It seems hard to believe that it was only a year ago when Hurricane Sandy hit, completely devastating the lives of millions of people and forever changing communities.
The QC community in particular suffered more than a fair share of difficulties.
Fitzgerald Gym served as an evacuation center for people from Queens who lost their homes or temporarily did not have electricity. The shelter provided people with food, clothes, toiletries and sleeping space.
The gym was closed on Nov. 18, 2012 and had housed up to 550 people over the course of 22 days.
According to the NYC Office of Emergency Management, QC was one of 76 shelters that had been set up in the five boroughs and one of 10 campuses used within the CUNY system.

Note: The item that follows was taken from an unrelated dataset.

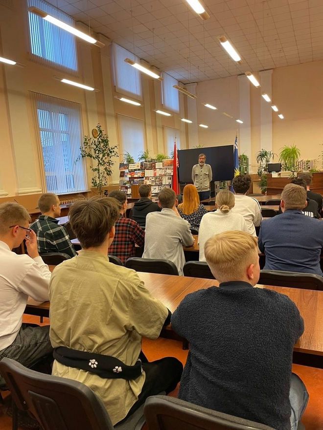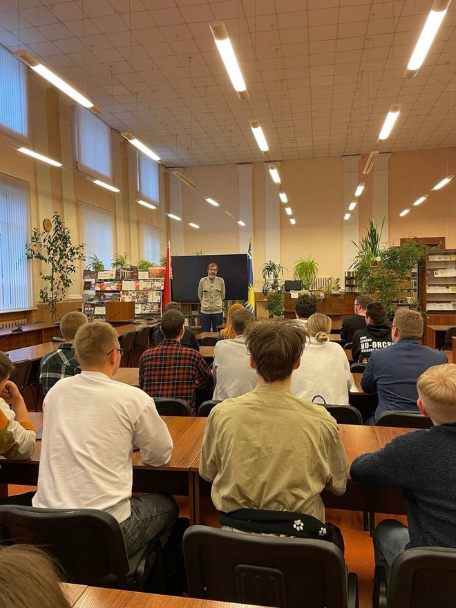 4 декабря студенты факультета истории и межкультурных коммуникаций в читальном зале корпуса 2 просмотрели фильм ОНТ "БЕСЫ", посвящённый политической ситуации в Республике Беларусь. Комментарии к фильму сделал старший преподаватель кафедры истории Беларуси Цацарин В. В.

Various volunteer efforts were put together by the students on campus to help the people living in the shelter including tutoring for children after school, donating food and supplies as well as entertainment events for the children living there.
QC even changed the location of certain facilities to cater to the evacuees. The gym was closed for three weeks. The One Stop center was moved from its original location in the Dining Hall to a section of the adjacent cafeteria. The One Stop space was temporarily utilized as a medical center for a weeklong period, but has now returned to its original state.

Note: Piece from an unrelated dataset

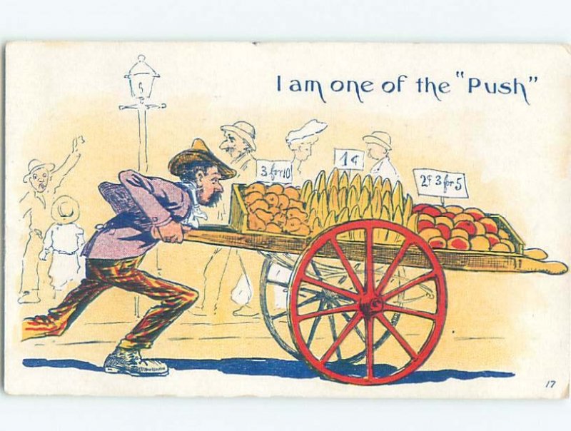 Pre-Linen Comic MAN PUSHING PRODUCE FRUIT CART AB8589

All classes were canceled from Oct. 29 through Nov. 1, commuting conditions were impossible due to 80mph winds as well as gas rationing and power outages barring almost all interactions.
Chukwudi Ononye, a junior and transfer student from Nigeria was shocked to see the destruction Sandy caused to his home in Far Rockaway.
“I didn’t have light or heat for weeks, the boiler was damaged, the heater was condemned and mold was four feet high,” Ononye said.
Despite all the hardships faced due to Hurricane Sandy, it may be safe to say that the worst of the worst is over.
“We’ve recovered from the damages,” Ononye said.
According to the Cable News Network (CNN), since Hurricane Sandy ended, “Con Edison has restored power to 910,000 customers.” The Metropolitan Transportation Authority (MTA) resumed subway lines, bus routes and commuter rail services. People are no longer restricted to only taking one gallon of gas per visit and the long lines at the pump have decreased dramatically.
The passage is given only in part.